> **Input data**
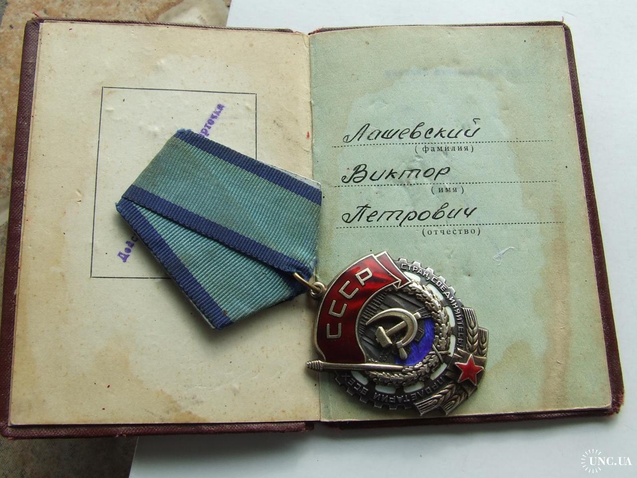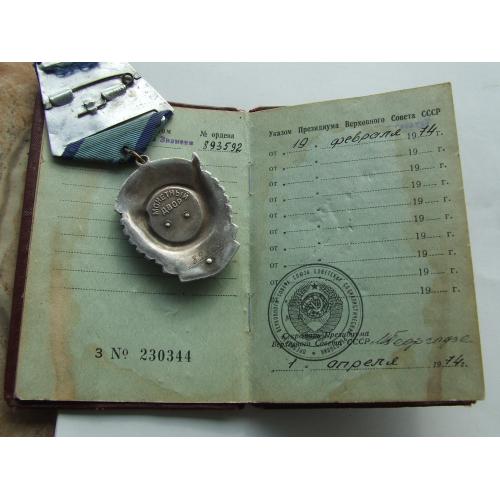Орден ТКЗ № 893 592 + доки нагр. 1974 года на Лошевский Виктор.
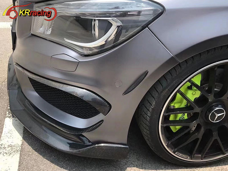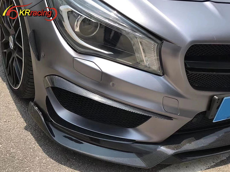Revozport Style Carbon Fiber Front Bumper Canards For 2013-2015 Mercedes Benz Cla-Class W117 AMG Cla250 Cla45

--

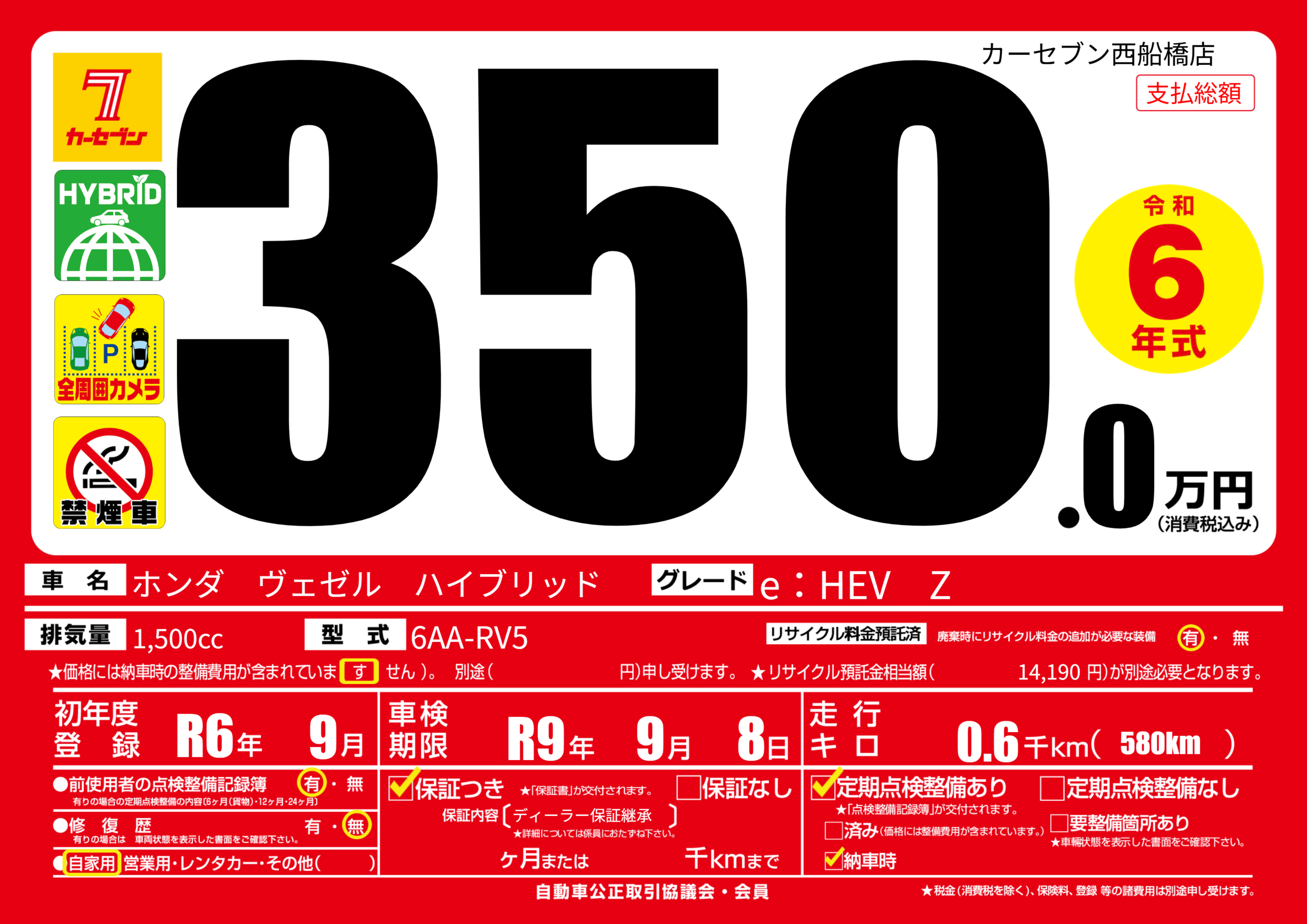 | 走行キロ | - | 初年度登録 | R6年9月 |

> **What is needed**
Give again the lines of the listing above that run from the one with "Орден ТКЗ №" up to and including the one with "Revozport Style Carbon". Keep them exact and omit the pictures.

> **Task result**
Орден ТКЗ № 893 592 + доки нагр. 1974 года на Лошевский Виктор.
Revozport Style Carbon Fiber Front Bumper Canards For 2013-2015 Mercedes Benz Cla-Class W117 AMG Cla250 Cla45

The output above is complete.